Material supplied:
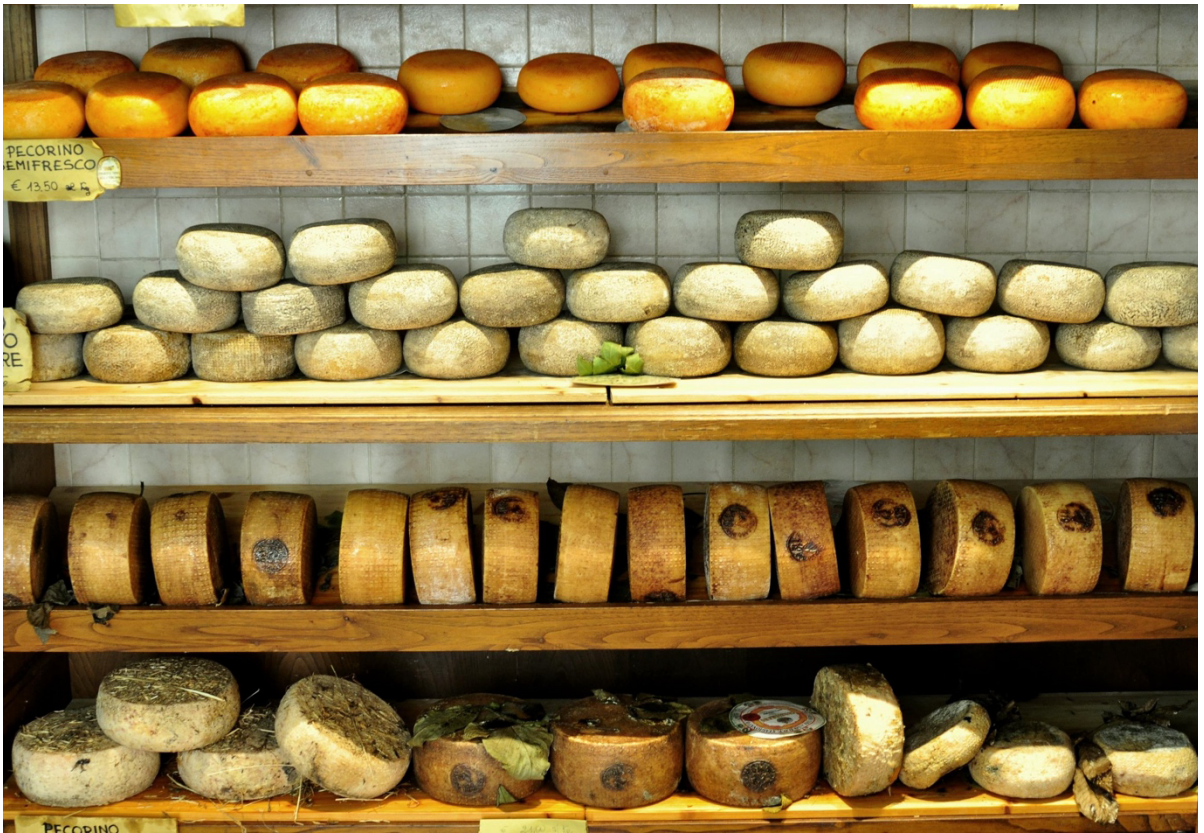
A list of Pecorino cheeses made in Italy
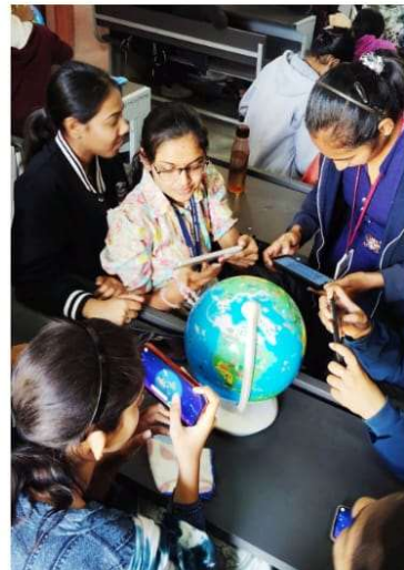
Junagadh, Gujarat, India 🇮🇳 Gf55+vw6 Bahauddin Government Arts College, Gandhi Gram, Junagadh, Gujarat 362001, India Lat 21.509369° Long 70.459922° Tuesday, 30/12/2025 12:28 PM GMT +05:30
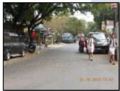
C. Jalan Kahuripan
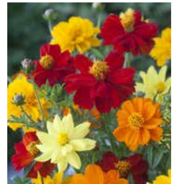
CO9699 COSMOS sulphureus 'Brightness Formula Mixture'

(SAHIN 2020) very compact, healthy and bushy plant, red flowers
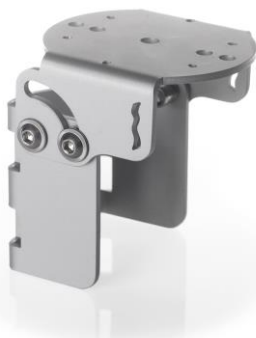
Figure 4 PMF01 mounting fixture accessory: practical, small footprint, and allowing horizontal and Plane of Array installations on various platforms

WMO, the World Meteorological Organization, recommends use of Class B (first class) pyranometers such as SR15 for network operation.
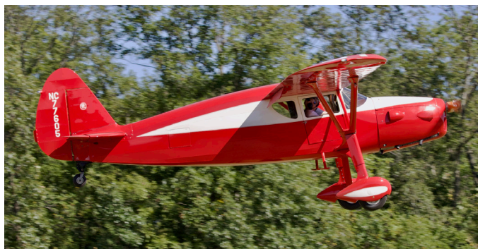
NC77605, Fairchild 24W-46, msn W46-305; TXAAA Chapter award winner.
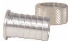
STEEL SWIVEL ADAPTER PLATED (FPT x HB)
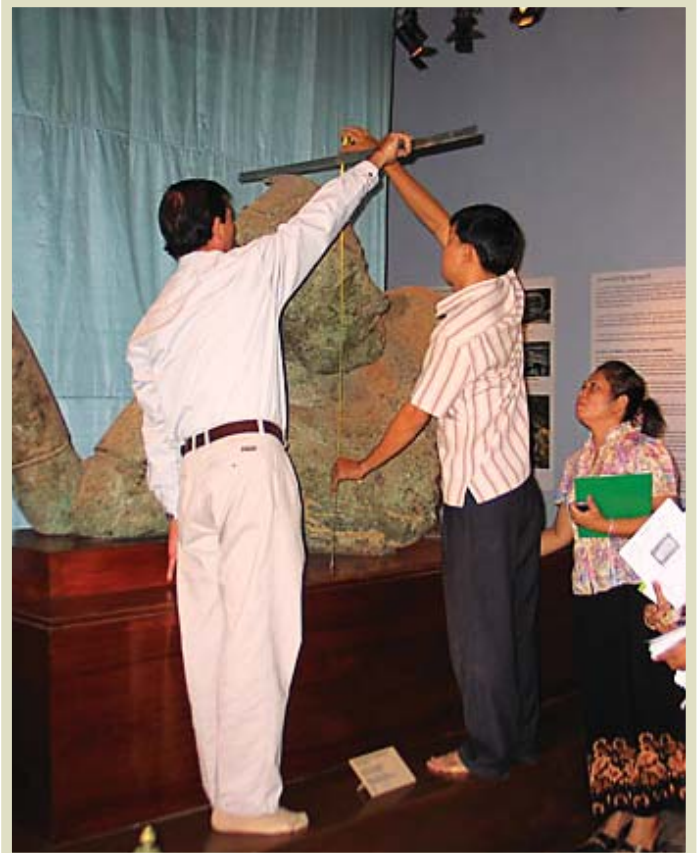
CIP team measuring the Reclining Vishnu on display in a museum gallery in 2010

"When the Museum officially opened on 13 April 1920, there were over 1,000 objects on display. Today the museum has approximately 14,000 objects and the collection is growing at a rate of over 300 objects per year. The majority of the collection is stored in a basement storage area. The project will bring together, and draw on, all existing registration methods used by the Museum at different times in the past, including several French card catalogue systems, Khmer handwritten inventory lists and a pre-existing-database. As part of the inventory and cataloguing project,
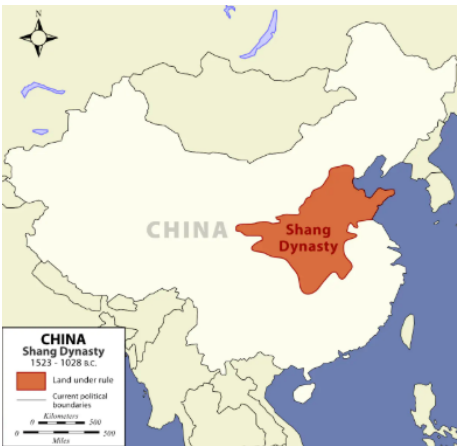
A map of the Shang Dynasty
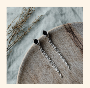
SILVER POD CHAIN EARRINGS
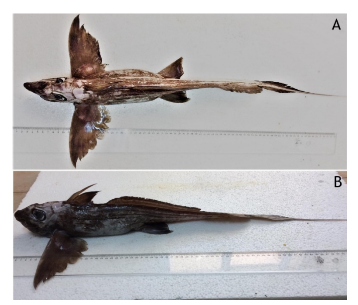
Figure 2 . The specimen of the C. monstrosa from the deep seas of Northern Cyprus (A: Top view; B: Lateral view)
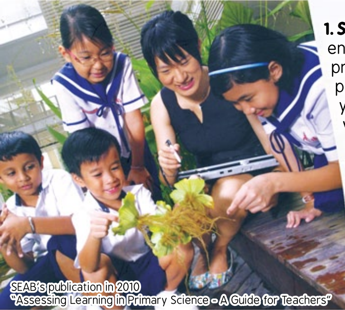
SEAB's publication in 2010 "Assessing Learning in Primary Science - A Guide for Teachers"
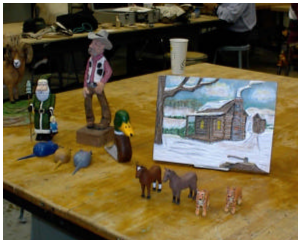
Show and tell carvings at November meeting.
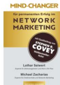
MIND-CHANGER Ladenpreis: 25,60EUR
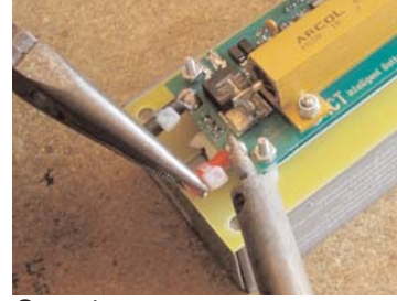
Step 4 De-solder lead ends.
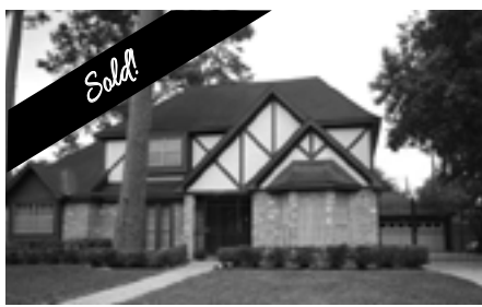
Olde Oaks | 3327 Woodbriar $225,000 | MLS# 3494289

$1,175,000 | MLS# 57128876 Amazing home/Luxurious pool! Huge game room! Golf Course views on Creek #1! 4/4.1/4, 7776 SF.

What to do:
Only the lines from the line containing "Figure 2 . The" through the end of the material should be retyped, exactly and in full, with no pictures.

Exercise output:
Figure 2 . The specimen of the C. monstrosa from the deep seas of Northern Cyprus (A: Top view; B: Lateral view)
SEAB's publication in 2010 "Assessing Learning in Primary Science - A Guide for Teachers"
Show and tell carvings at November meeting.
MIND-CHANGER Ladenpreis: 25,60EUR
Step 4 De-solder lead ends.
Olde Oaks | 3327 Woodbriar $225,000 | MLS# 3494289

$1,175,000 | MLS# 57128876 Amazing home/Luxurious pool! Huge game room! Golf Course views on Creek #1! 4/4.1/4, 7776 SF.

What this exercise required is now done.